PROMPT:
Write out the full listing exactly as given, minus the images.

INFORMATION SHOWN:
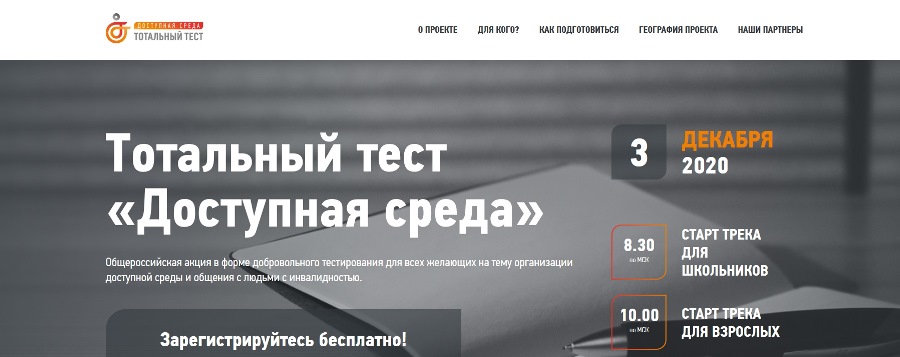 Общероссийская акция в форме добровольного тестирования для всех желающих на тему организации доступной среды и общения с людьми с инвалидностью.
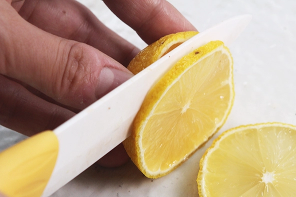 Bước 4: Rửa sạch chanh, dùng muối chà vào vỏ để loại bỏ bớt tinh dầu. Sau đó dùng dao cắt thành từng lát mỏng và loại bỏ hạt.
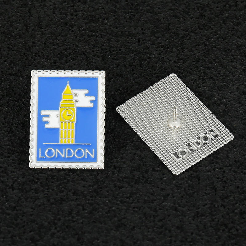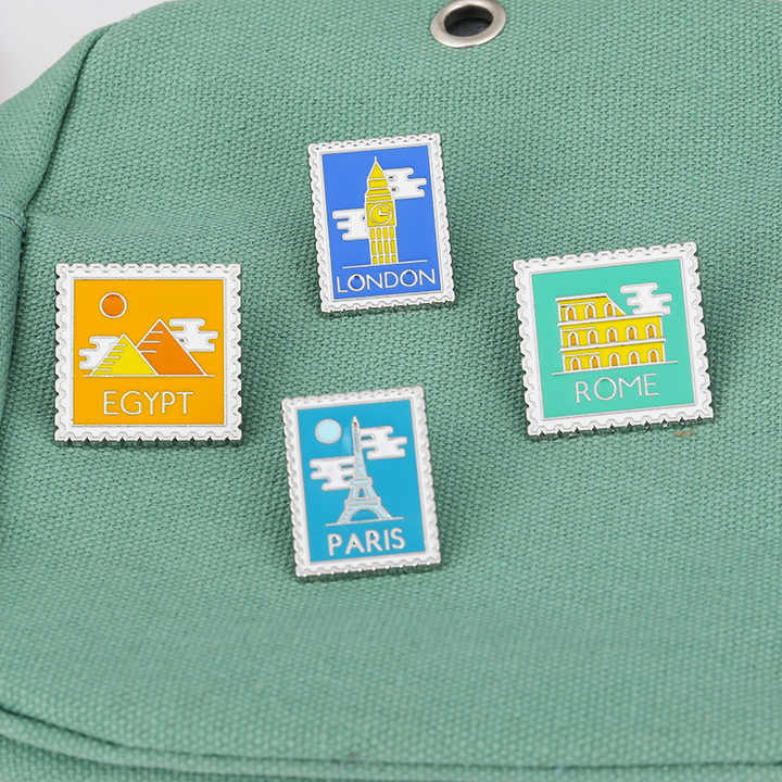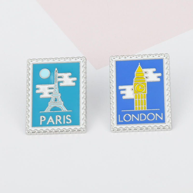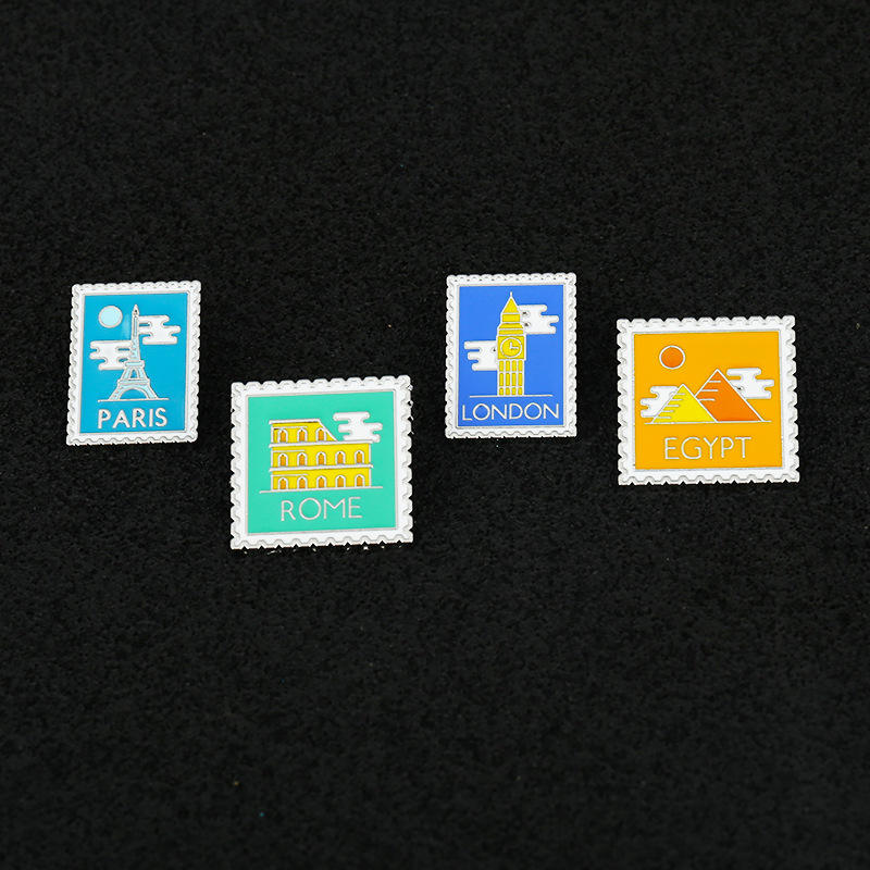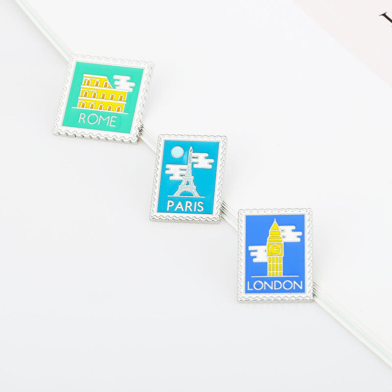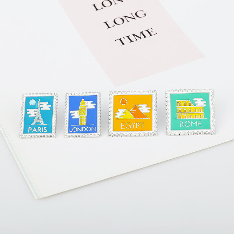 Insigne de dessin animé personnalisé créatif Londres Paris Rome timbre métal épingle Egypte pyramide dessin animé cadre photo épingle souvenir

RESPONSE AREA:
 Общероссийская акция в форме добровольного тестирования для всех желающих на тему организации доступной среды и общения с людьми с инвалидностью.
 Bước 4: Rửa sạch chanh, dùng muối chà vào vỏ để loại bỏ bớt tinh dầu. Sau đó dùng dao cắt thành từng lát mỏng và loại bỏ hạt.
 Insigne de dessin animé personnalisé créatif Londres Paris Rome timbre métal épingle Egypte pyramide dessin animé cadre photo épingle souvenir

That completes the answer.